I view this as a bug but it might be a behavior change request instead. When I use a function in QuerySpec, the DQE is generating a "random" alias for that field instead of using the same alias as the original field.

This code used the ToUpper function on the ImportFileName column.



var qf = new QueryFactory();
            var query = qf.Create()
               .Select<DocumentSearchDto>(DocumentFileSearchFields.DocumentId, DocumentFileSearchFields.CreationTime, 
                                DocumentFileSearchFields.ImportFileName.ToUpper(),
                               DocumentFileSearchFields.AccountNumber, DocumentFileSearchFields.WorkerId)


Which results in this generated query with the "LLBLV_1" column alias for the ImportFileName column. As a result, the ImportFileName field in the DocumentSearchDto doesn't see a matching name and all the values are null for that field.


SELECT [MyDatabase].[dbo].[DocumentFileSearch].[DocumentID],
       [MyDatabase].[dbo].[DocumentFileSearch].[CreationTime],
       UPPER([MyDatabase].[dbo].[DocumentFileSearch].[ImportFileName]) AS [LLBLV_1],
       [MyDatabase].[dbo].[DocumentFileSearch].[AccountNumber],
       [MyDatabase].[dbo].[DocumentFileSearch].[WorkerID] 


I have to code it with an explicit alias like this to fix that problem.

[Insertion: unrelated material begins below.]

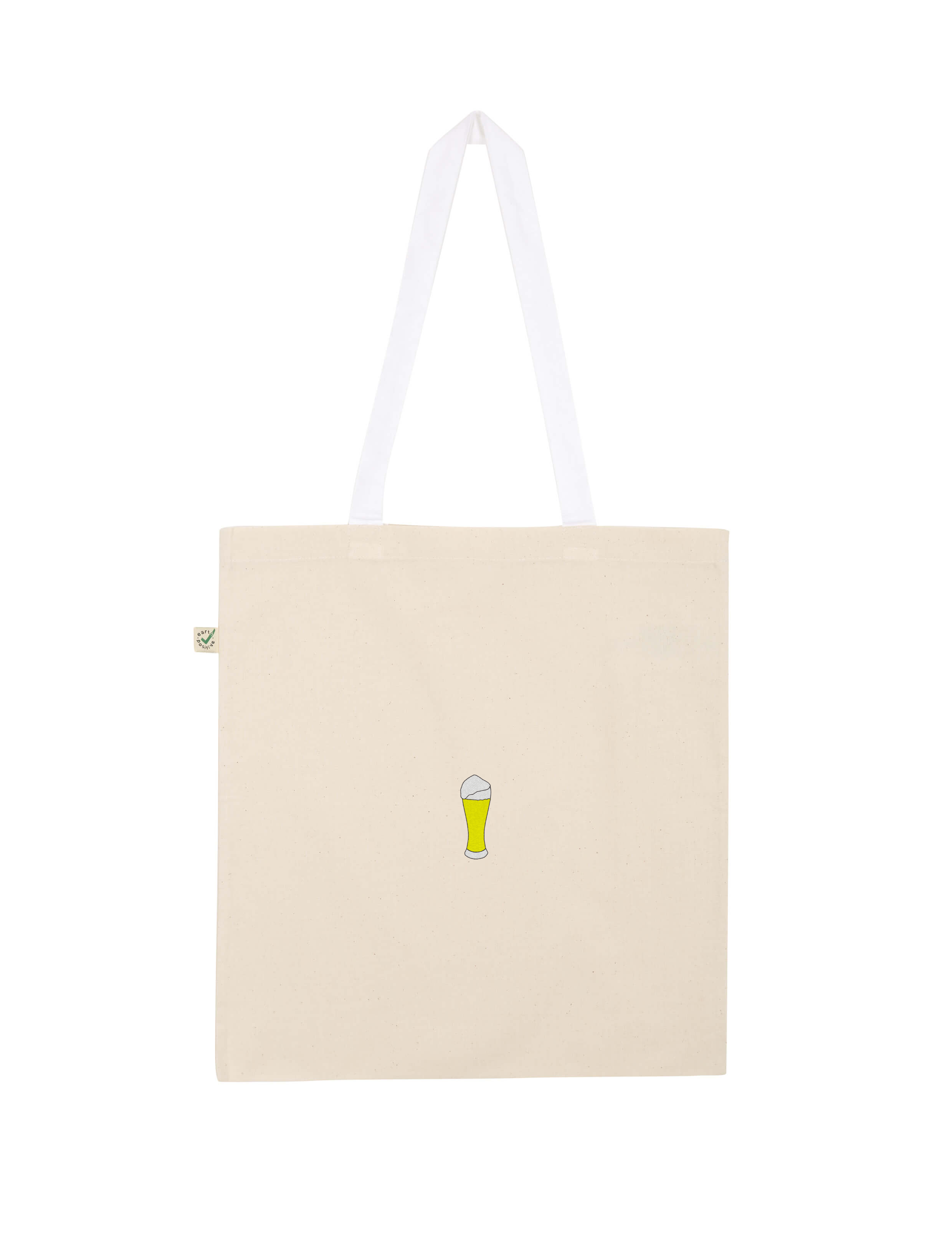 Borsa in cotone biologico ricamato e prodotto in modo equo con design Weißbier.

var qf = new QueryFactory();
            var query = qf.Create()
               .Select<DocumentSearchDto>(DocumentFileSearchFields.DocumentId, DocumentFileSearchFields.CreationTime, 
                                DocumentFileSearchFields.ImportFileName.ToUpper().As("ImportFileName"),
                               DocumentFileSearchFields.AccountNumber, DocumentFileSearchFields.WorkerId)


I'm using runtime 5.2.1 and Designer 5.2 (5.2.1) RTM. (We're currently testing 5.4 and should be moving there before too long. My tests show the same results with 5.4 (5.4.0) RTM)

daelmo avatar
daelmo
Support Team
Posts: 8245
Joined: 28-Nov-2005
# Posted on: 31-May-2018 08:43:16   

H Joel . This behavior is normal, since LLBLGen has to generate SQL and pick aliases that won't clash between them. In the end, those alias are not 'that' important. Do you want geneated sql your way? then use Queryspec simple_smile Or any other reason why you want this.

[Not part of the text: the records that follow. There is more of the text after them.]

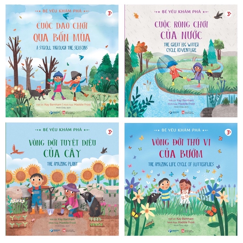 Sách – Bé Yêu Khám phá phần 1-2- trọn bộ 4 cuốn ebook pdf review dowload tác giả , Danh Mục Truyện Tranh Kho hàng 29 . BÉ YÊU KHÁM PHÁ – VÒNG ĐỜI TUYỆT DIỆU CỦA CÂY Cuốn sách này sẽ giúp các bạn nhỏ hiểu được sự phát triển của cây xanh từ khi còn là hạt giống đến lúc cây trưởng thành, biết được các quá trình phát triển của cây, không những vậy cuốn sách còn giúp các bạn nhỏ thêm yêu thiên nhiên và môi trường nữa đấy. BÉ YÊU KHÁM PHÁ – CUỘC DẠO CHƠI QUA BỐN MÙA Các bạn nhỏ sẽ được đi dạo qua các mùa để cảm nhận sự thay đổi của thời tiết, ngắm những bông hoa mùa xuân rực rỡ đến những chiếc lá mùa thu đầy màu sắc, theo dõi những thay đổi tuyệt vời mà mỗi mùa mang lại. Cuốn sách được minh họa đẹp mắt này cho thấy thiên nhiên rực rỡ của cây xanh mùa xuân, ánh nắng chói chang của mùa hè, lá mùa thu rực rỡ và tuyết mùa đông lấp lánh. Hãy cùng theo dõi hành trình của các bạn nhỏ khi họ đi qua gió, mưa, nắng và tuyết để khám phá những thay đổi tuyệt vời mà mỗi mùa mang lại nhé! BÉ YÊU KHÁM PHÁ – CUỘC RONG CHƠI CỦA NƯỚC Cuốn sách này sẽ đưa bé đến với câu chuyện thú vị về vòng tuần hoàn của nước. Giúp bé hiểu sâu về hành trình của nước không hề bị mất đi mà nó di chuyển vòng quanh trái đất một cách lặp đi lặp lại. Từ hơi nước ngưng tụ thành những giọt nước, thành đám mây , rồi những hạt mưa xuất hiện, nước mưa rơi vào ao, hồ, sông, suôi và đổ ra biển, sau đó vòng tuần hoàn nước lại bắt đầu… BÉ YÊU KHÁM PHÁ – VÒNG ĐỜI THÚ VỊ CỦA BƯỚM đây là một cuốn sách vô cùng hấp dẫn cho các bé bắt đầu tìm hiểu thế giới động vật, bởi Bướm là loài côn trùng ẩn giấu nhiều điều thú vị trong vòng đời. Từ quá trình sinh trưởng và phát triển của loài bướm là một vòng tuần hoàn khép kín đầy thu hút. Hãy cùng theo dõi cuộc hành trình của các bạn nhỏ qua cuộc phiêu lưu khám phá những điều kì diệu về loài bướm trong cuốn sách này bé nhé! Tác giả: Kay Barnham, Maddie Frost Dịch giả : Minh Châu NXB: nxb Phụ Nữ Việt Nam Số trang: 30 trang/Cuốn Khổ sách: 20,5×20,5 cm Độ tuổi : 3+ Năm xuất bản: Tháng 4/2021
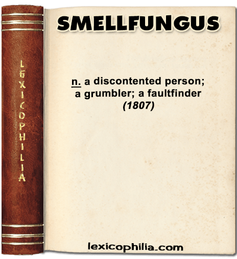 after Smelfungus, a hypercritical traveller in A Sentimental Journey through France and Italy (1768) by Laurence Sterne (died 1768 British novelist), who intended this character to satirize Tobias Smollett (died 1771 British novelist) for his descriptions in Travels through France and Italy (1766)
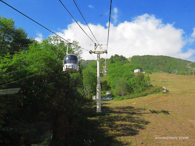 兎平-黒菱平搭無遮蔽輕型纜車約6分鐘,暴露在1400公尺空中還蠻刺激的,一旁有工作人員監看
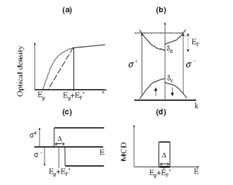 Having presented the data, we can discuss the origin of the band edge features that are observed .We begin by considering the relationship between the MCD and Faraday data presented in Fig.2.The MCD
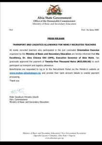 The release further advised participants to log on to the recruitment portal via ministry’s website, www.mobse-abiastategov.ng to provide their bank details for payments.
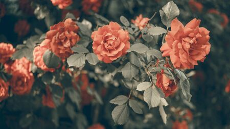 Beautiful blooming roses in the garden. Vintage toned image
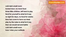 I promised you I'd always be there <br />When you needed me most, you were all alone <br />How do I learn to live with the fact <br />I broke a promise I can't take back <br />Alone were you, in the cool morning air <br />Alone by yourself, through that aweful nightmare <br />Alone by yourself when you got taken from me <br />No one to hold your broken bones <br />No one to help you; you were alone, alone <br />With a mothers love I should have been there <br />To hold you through that aweful nightmare <br />Now that you're gone, I hate myself <br />I left you alone, to die by yourself<br /><br />jeannie schmidt<br /><br />http://www.poemhunter.com/poem/alone-to-die-by-yourself/

David Elizondo | LLBLGen Support Team
Otis avatar
Otis
LLBLGen Pro Team
Posts: 39588
Joined: 17-Aug-2003
# Posted on: 31-May-2018 09:15:56   

Additionally, it has to specify an alias for a function / aggregate column so it will generate one if there's not one specified, so if you want to have a column aliased as 'A' then you have to specify A as the column alias.

Frans Bouma | Lead developer LLBLGen Pro
jovball
User
Posts: 434
Joined: 23-Jan-2005
# Posted on: 31-May-2018 14:17:06   

I'm using QuerySpec already for this and there isn't any naming conflict between the columns in the query.

In this query, I have a field that is in the query twice. The DQE is smart enough to know when I have a conflict and will throw this exception at runtime.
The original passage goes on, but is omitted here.